The full-year EPS has been adjusted to $1.45 to $1.65 on revenue between $58 billion to $61 billion. This is a step backward, which the company attributes to dwindling performance on two drugs:
- COVID treatment Paxlovid will see a revenue reduction of around $7 billion
- Comirnaty COVID vaccine will see a revenue reduction of around $2 billion
On top of these two drugs, Pfizer is also preparing to take a $5.5 billion charge in writing off COVID-19 product inventory. The new outlook is well below the FactSet consensus of $3.29 a share on revenue of $65.96 billion.
This shouldn’t come as a surprise to anyone as the COVID pandemic is now well in the rearview mirror. The writing has been on the wall for a few quarters now. Just a few months ago in August Pfizer took a hit after the company admitted to a dramatic drop in demand for COVID-related products.
But, the company still remained confident it would post full-year earnings of $3.25 to $3.45 a share on revenue of $67 billion to $70 billion. It appears Pfizer is out of the denial stage and has accepted the new reality of a post-pandemic company.
That being said, the cost realignment program Pfizer has implemented is reportedly going to save at least $3.5 billion over the next few years – $1 billion of which will be saved this year alone. This is good news for PFE investors, and bad news for employees – as jobs are going to be cut along the way.
All this being said, PFE is still down dramatically over the last year – losing more than 21% of its value. Is this trajectory going to continue, or is there a reason for investors to continue holding onto hope that the company can thrive even after the pandemic?
We’ve taken a look through the VectorVest stock analyzer below and have 3 things you need to see before doing anything else as a current or prospective PFE investor…
PFE Has Fair Upside Potential, Safety, and Timing - It’s Worth Holding Onto This Stock Still
VectorVest simplifies your trading strategy by giving you all the insights you need to make clear, calculated decisions in 3 ratings. These are relative value (RV), relative safety (RS), and relative timing (RT).
Each sits on its own scale of 0.00-2.00 with 1.00 being the average. Better yet, the system issues a clear buy, sell, or hold recommendation based on the overall VST rating for any given stock at any given time. As for PFE, here’s what we found:
- Fair Upside Potential: The RV rating draws a comparison between a stock’s long-term price appreciation potential and AAA corporate bond rates & risk. While PFE has a fair RV rating of 0.87, it is a bit below the average. VectorVest also shows that the stock is overvalued with a current value of just $29.84.

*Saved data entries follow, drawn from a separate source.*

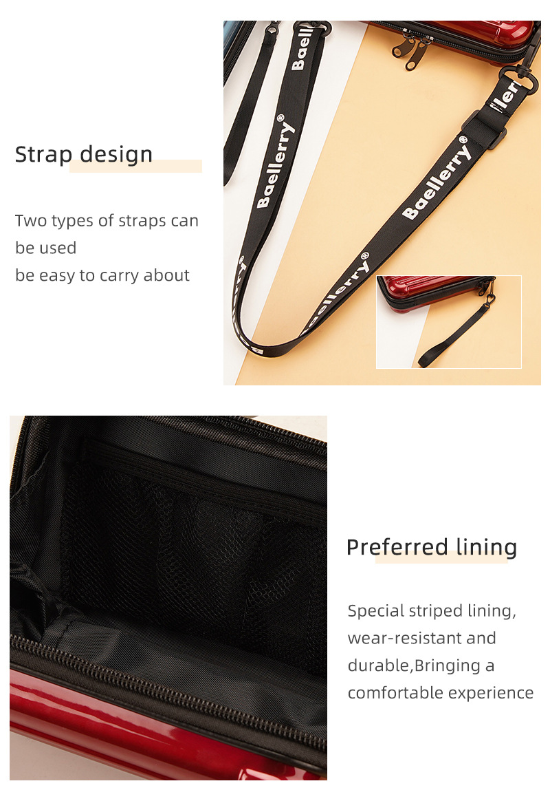 Baellerry 새로운 여성용 보관 가방 하드 쉘 PC 스트라이프 숄더 크로스 바디 백 미니 박스 화장품 가방 여성
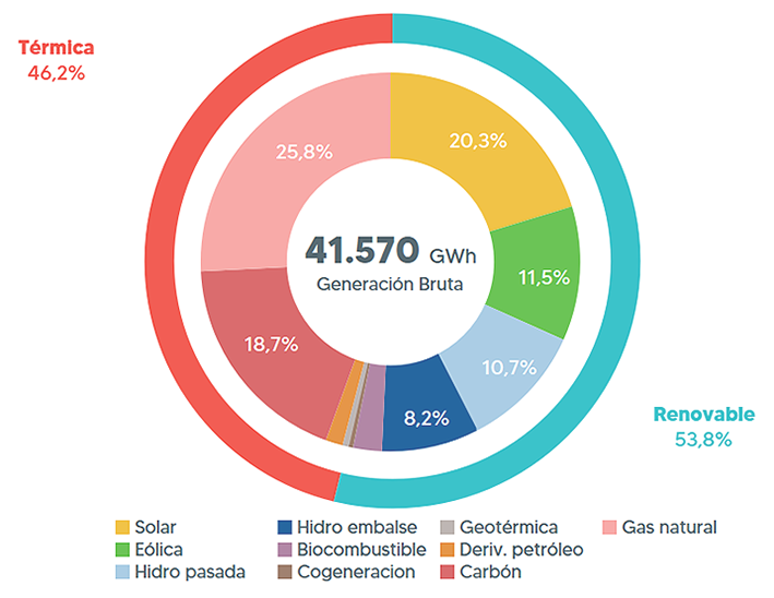 Además, en total, las energías renovables -sin considerar las hidro embalse- representaron el 45,6% del total de la producción de electricidad, casi igualando a las fuentes de energía térmica (46,2%). Mientras que, si se considera a las centrales hidroeléctricas en embalses, la energía renovable pasa a representar el 53,8% de la generación, superando a la térmica por primera vez en 16 años.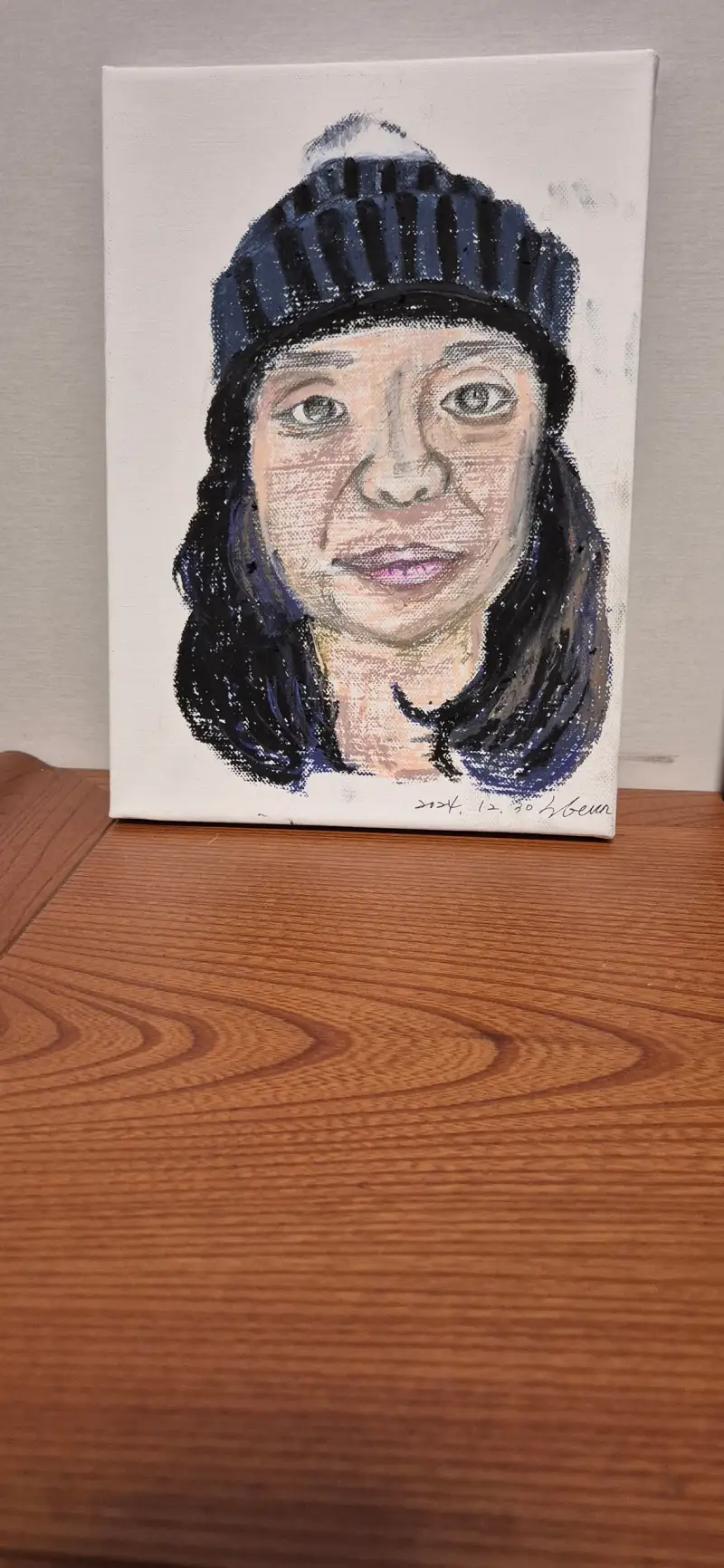 캔버스에 친동생 얼굴을 그렸습니다. 재료는 소프트 오일파스텔과 유성색연필입니다. 새벽까지 지 생각하면서 심혈을 기울여 그렸건만 돌아온 대답은 '마귀할망 같아'였습니다. 지 얼굴 그려보라 할 때는 언제고. 못된 지지배!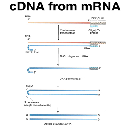When inserting or using genes, scientists often prefer to use complimentary DNA (cDNA). cDNA is DNA that is made from a mRNA transcript. The mRNA that is used is mature and has had its introns removed. The following diagram shows how cDNA is made using mRNA as a template.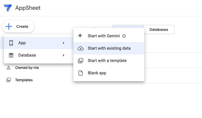 Create 버튼을 클릭하고 >> App > Start with existing data 클릭하시면,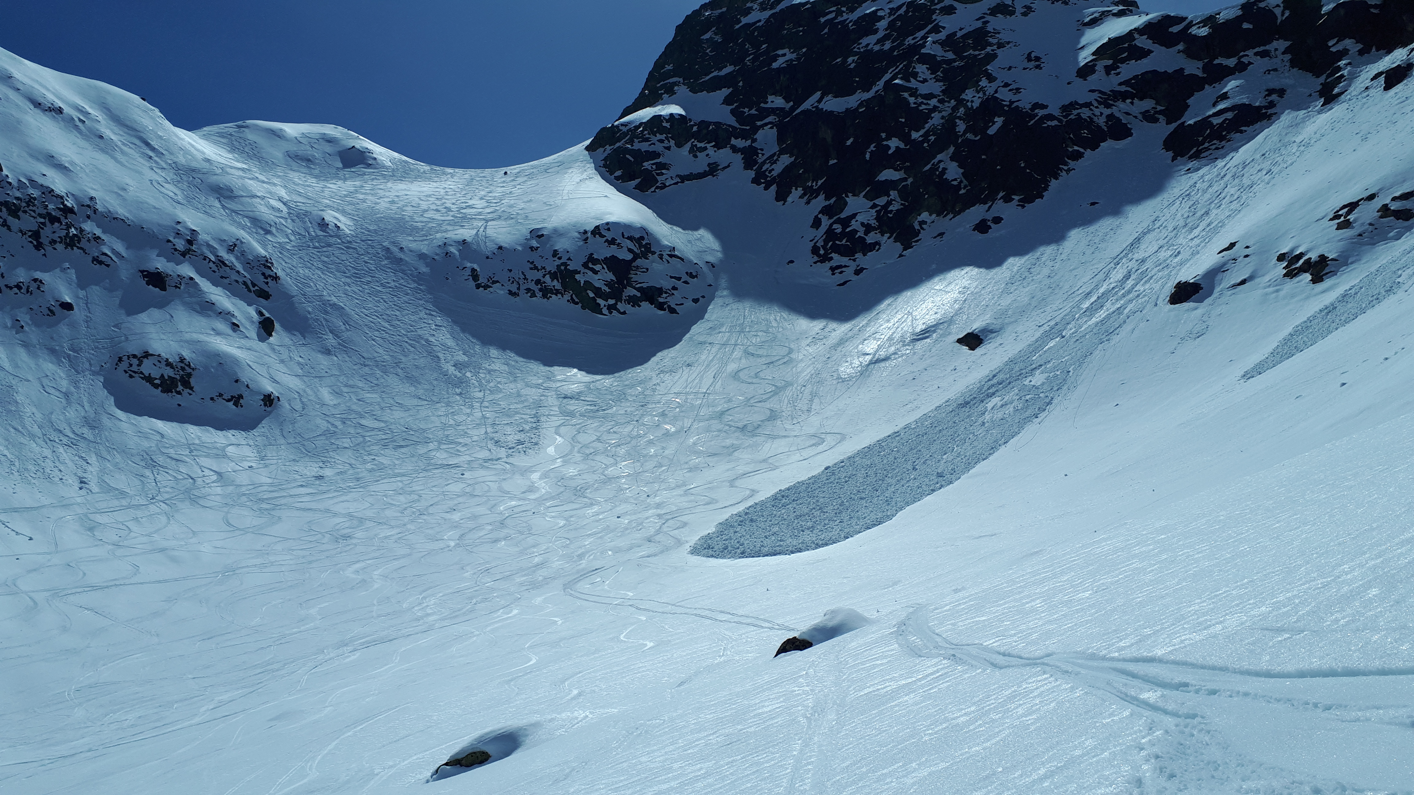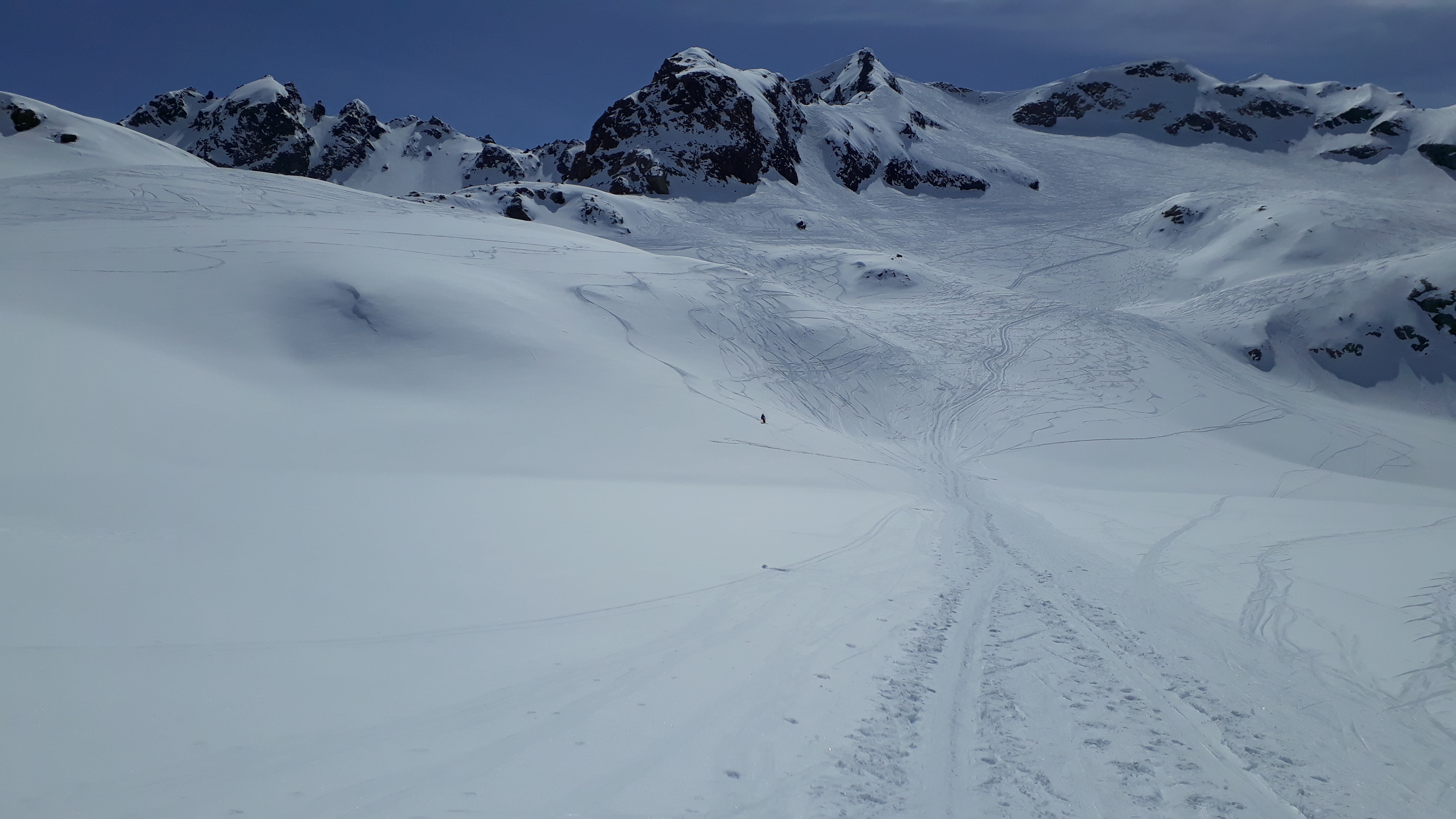Sonstiges: kleine Extrarunde: vom Grat ein kurzes Stück nach Süden abgefahren und auf einen Vorgipfel des Piz Lagrev aufgestiegen (P.3085), Von dort Abfahrt nach Süden bis in die Mulde unterhalb des Lagrev Wintergipfels. Aufstieg zum Grat und von dort nordseitige Abfahrt bis zum Auto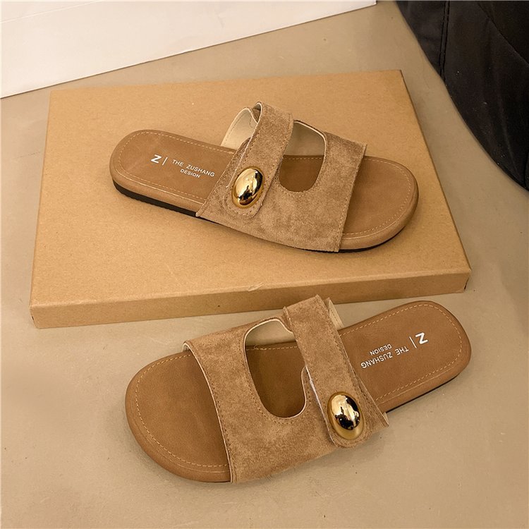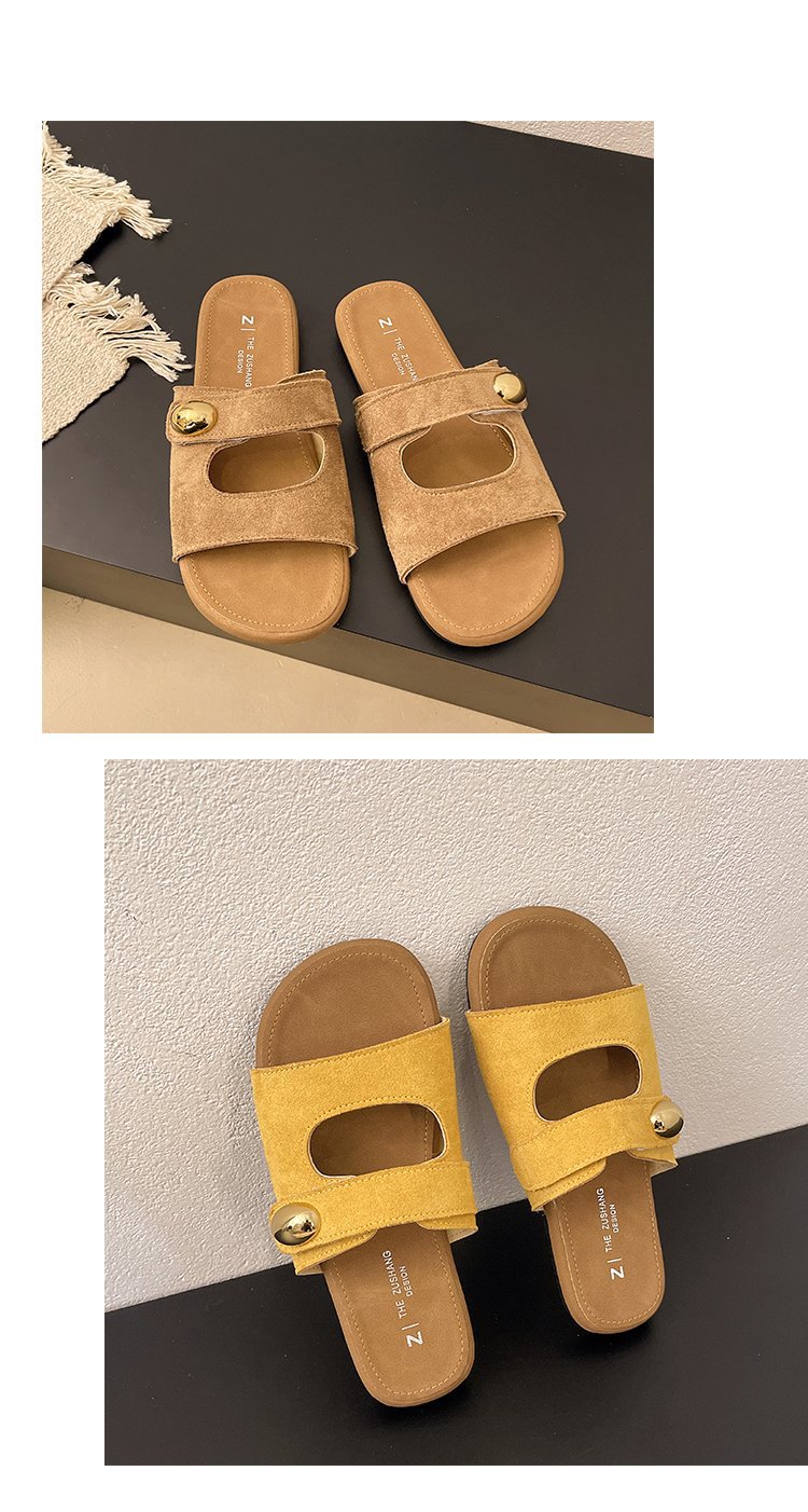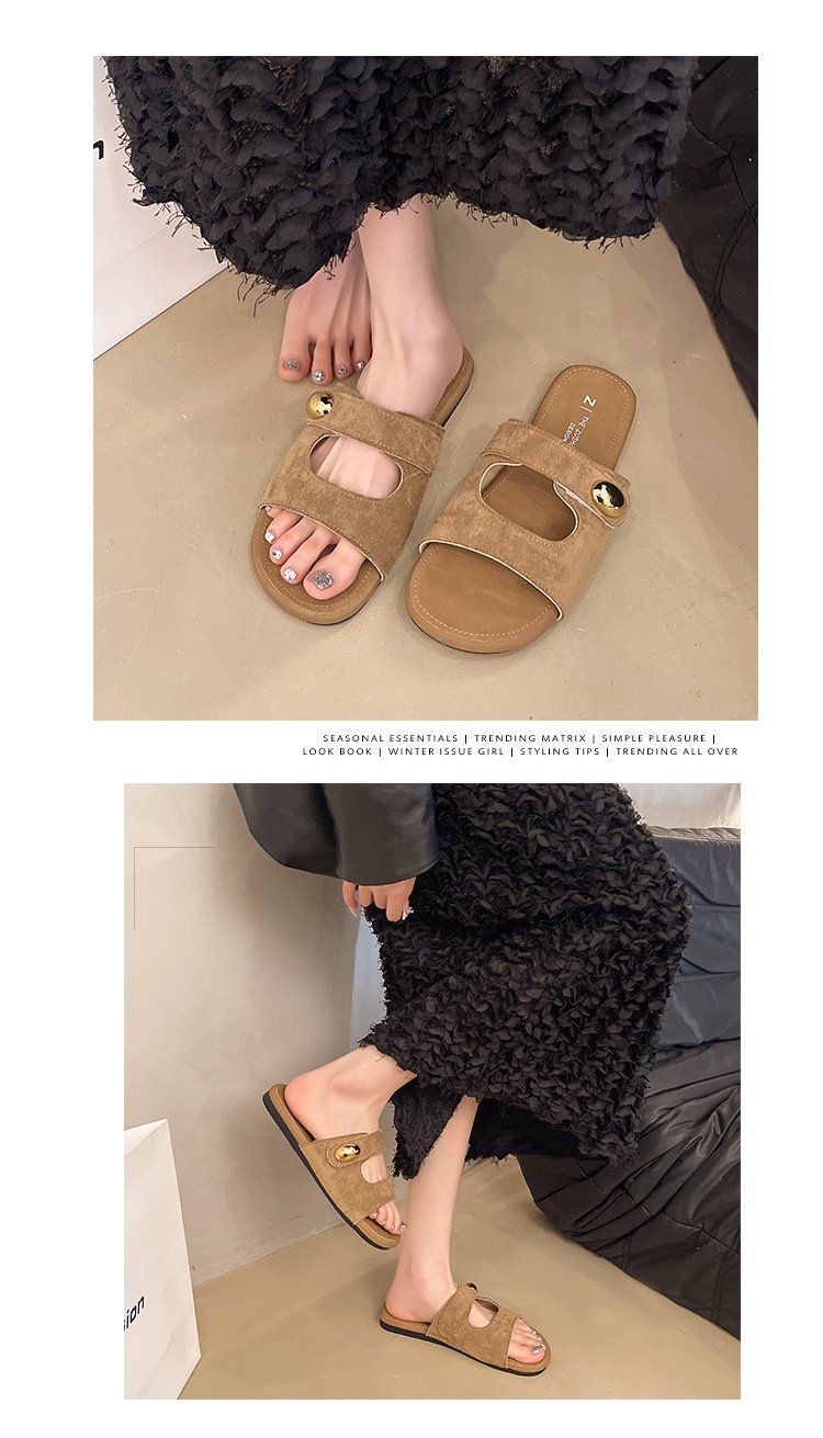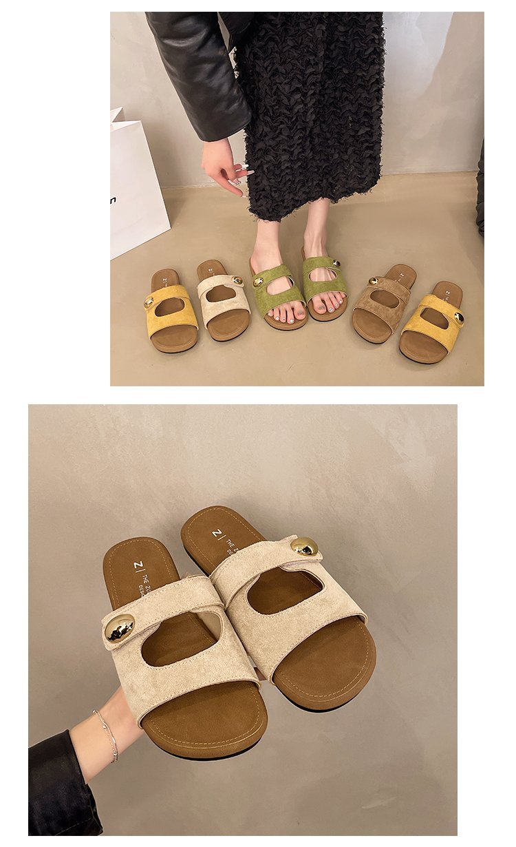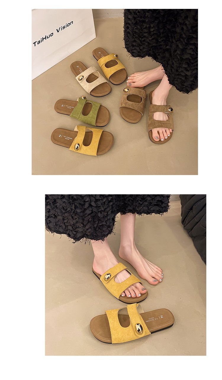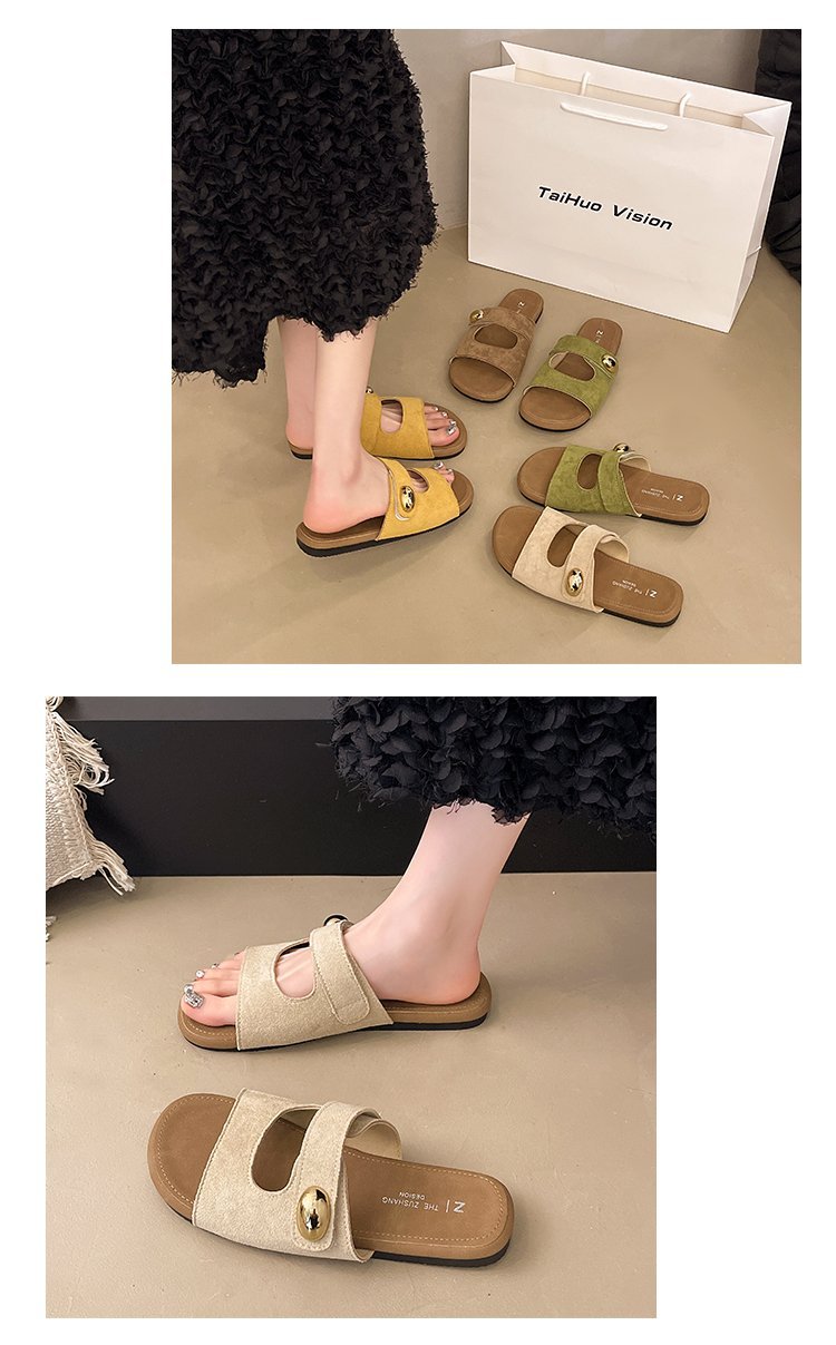 [아마노] 플랫 벨크로 샌들 · 슬리퍼 여성 여름복 패션 2025 신형 해변 슬리퍼

- Fair Safety: The RS rating is an indicator of risk. It’s drawn from the company’s financial consistency & predictability, debt-to-equity ratio, and business longevity. As for PFE, the RS rating of 0.99 is just below the average and considered fair.
- Fair Timing: The RT rating looks at a stock’s price trend. It takes into account the direction, dynamics, and magnitude of price movement day over day, week over week, quarter over quarter, and year over year. PFE has fair timing with an RT rating of 0.90 despite being down 6% over the past few months alone.
The overall VST rating of 0.92 is deemed fair for PFE, albeit below the average. VectorVest rates this stock a hold right now - but we encourage you to learn more through a free stock analysis today!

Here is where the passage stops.